While the world's largest companies are expecting to take an almost $1 trillion hit from risks related to climate change, they also see business opportunities worth double that amount from the transition to a low-carbon economy, according to a report released June 4.
However, the report's authors said companies may not be taking a global view of the risks posed by climate change in the coming years.
The survey by the CDP, a nonprofit formerly known as the Carbon Disclosure Project that provides climate change data for investors, shows that 215 of the world's largest companies see the financial impact of climate change to their businesses of more than $970 billion. That is due to increased operating costs, asset write-offs, policy changes and reduced demand as consumers shift toward more climate-friendly goods and services such as electric cars.
More than 80% of them believe that extreme weather, rising global temperatures and a rise in the price of emissions will have an impact of their business, with about $500 billion of the costs "likely to virtually certain" to happen mainly due to legal and policy changes.
The companies, representing almost $17 trillion in market capitalization, expect to write off $250 billion in assets.
'Rosy' view
The survey, which includes responses from the likes of Apple Inc. and Nestlé SA as well as financial services firms such as JPMorgan Chase & Co., HSBC Holdings PLC, Banco Santander SA and Axa, analyzes risk based on the guidelines of the G-20's voluntary disclosure framework, the Task Force on Climate-related Financial Disclosures, or TCFD, which is set to publish its second status report on June 5. It includes data from nearly 7,000 companies and takes a close look at the world's 500 biggest companies by market capitalization.
However, the report found that the biggest companies see more opportunities than risks as changing consumer needs, demand for climate-friendly products and services, and an increase in capital pools as financial institutions lend more readily to companies that produce less emissions. Around 225 of the companies surveyed provided potential financial impact figures. They see opportunities totaling $2.1 trillion and are almost certain those will occur.
"They are seeing the opportunities as being very rosy in most sectors apart from power and that they can manage these risks," report author Nicolette Bartlett, director of climate change at CDP, said in an interview. "But I would caution some companies [that] they could be taking too narrow a view."
She said companies may not be taking into account some of the technological changes and were not looking enough at the physical risks, which include storms, heat wave and droughts. U.S. companies, in particular, could be underestimating the risks from extreme weather given the spate of wildfires and hurricanes in the last two years, she said.
Financial sector
The financial sector is forecasting the most in potential revenue from climate change at $1.2 trillion. While the sector is used to making risk assessments, financial institutions are not taking a broad enough approach to climate change and were looking at the impact on their direct business, not on the risks their customers may pose in the future.

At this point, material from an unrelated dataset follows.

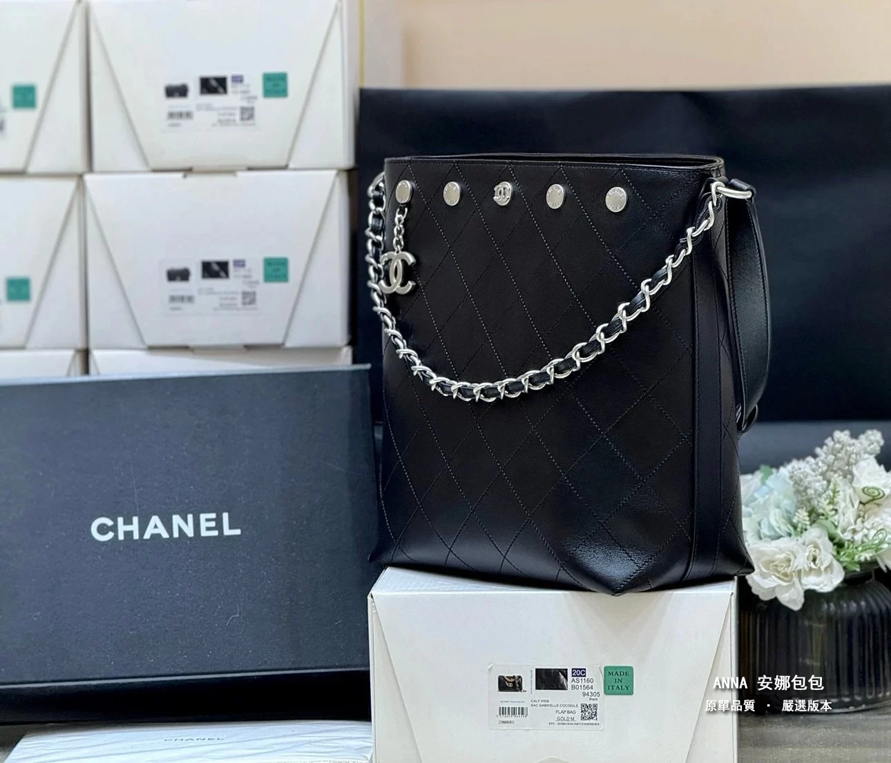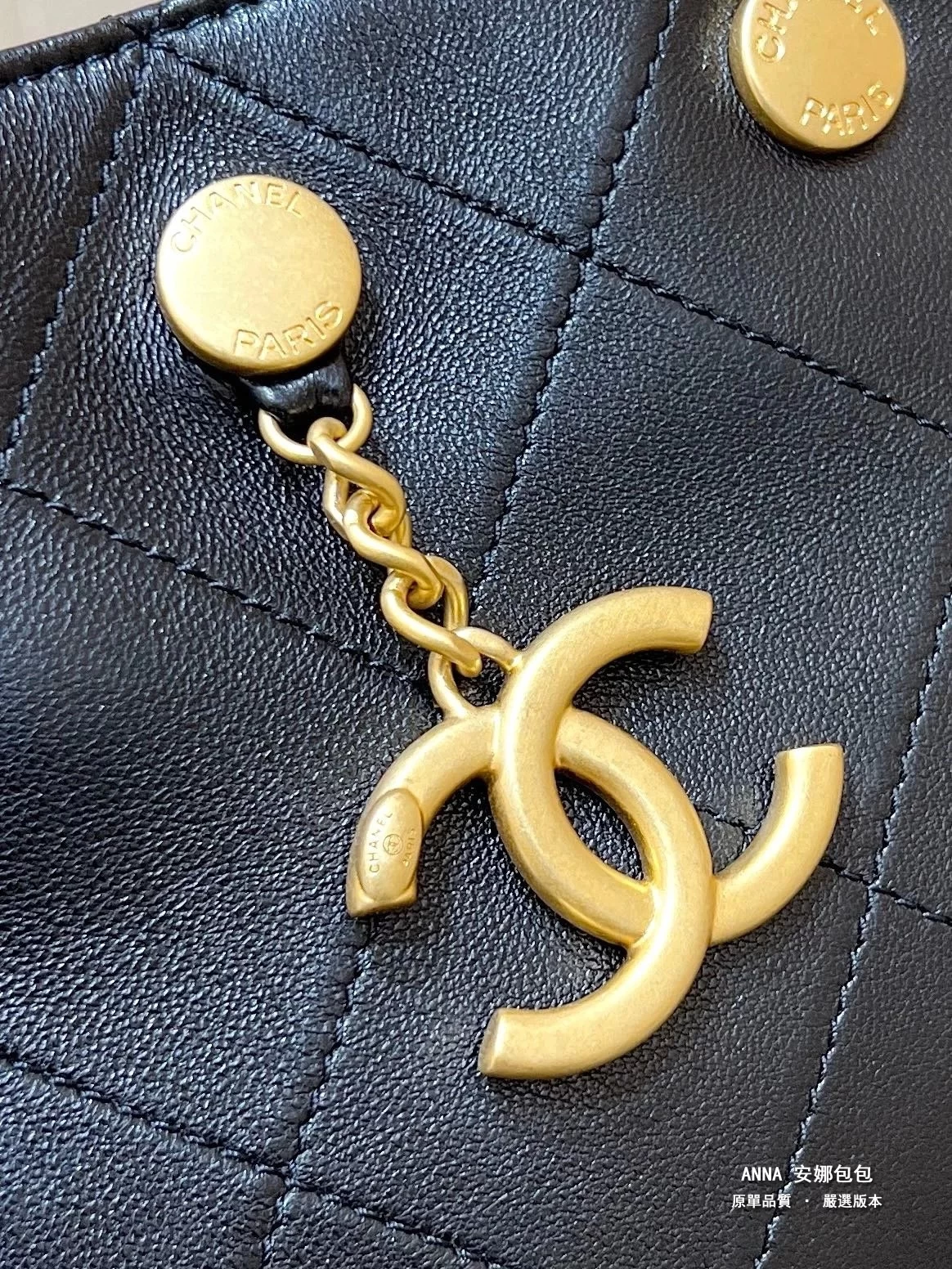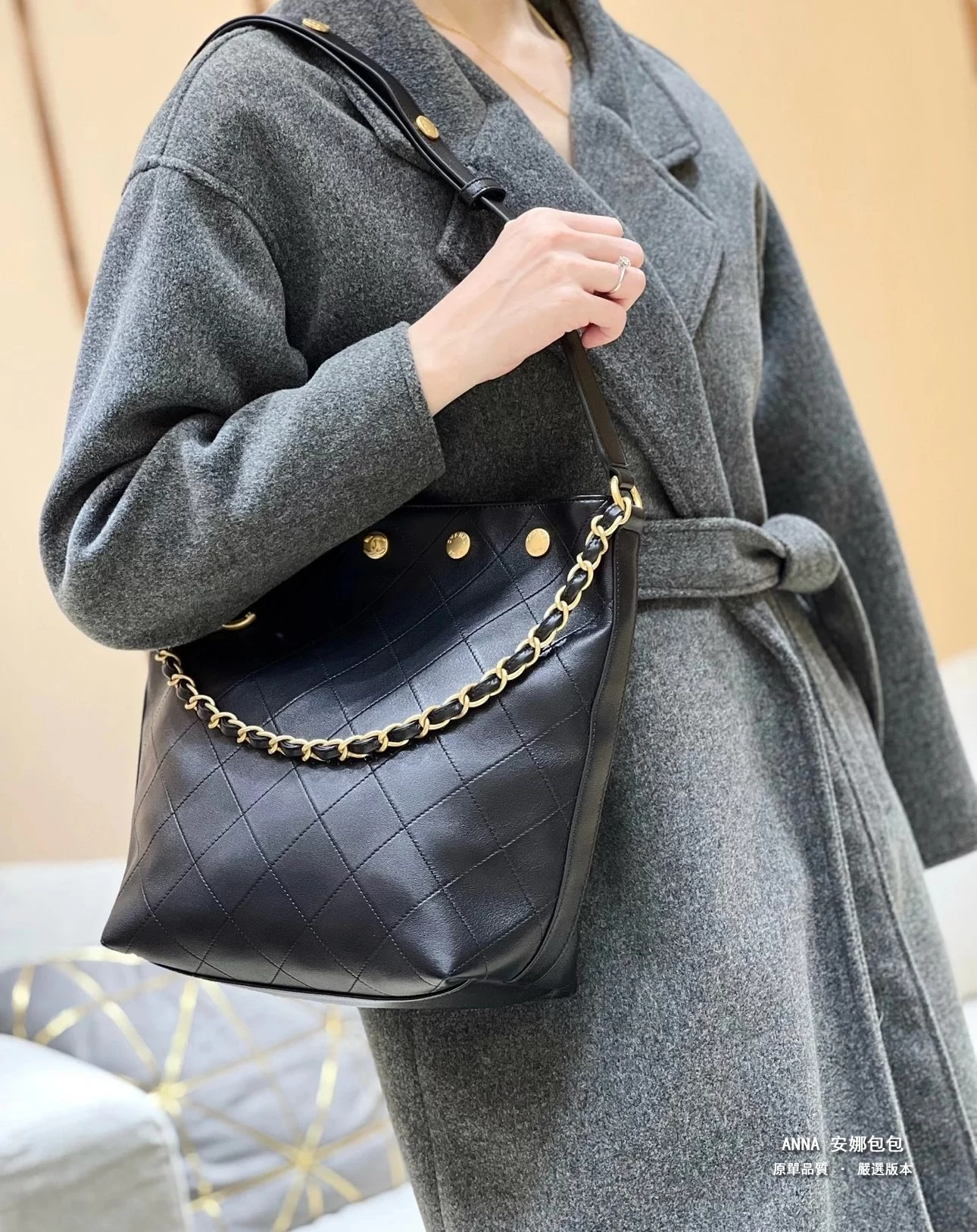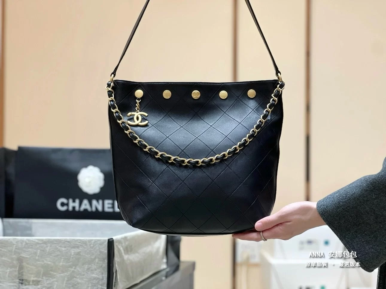 香奈兒 水桶包 鉚釘鏈條 菱格小羊皮 原廠皮復刻版本 28cm

The report comes as financial regulators are becoming increasingly concerned that banks could be left with stranded or worthless assets because certain industries they finance may become obsolete.
With regards to the fossil fuel business, she said that only a small group of companies in this sector had provided data more on opportunities than risks from climate change, raising questions as to how they were going to manage risk as the global economy decreases its dependence on coal and gas.
About half of the total 6,937 companies surveyed said they did not see a "substantive" opportunity or risk from climate change, Bartlett said.
"I was surprised by that because I could see that from some sectors at this point in time that may be true but for such a large group of companies they are certainly missing things," she said.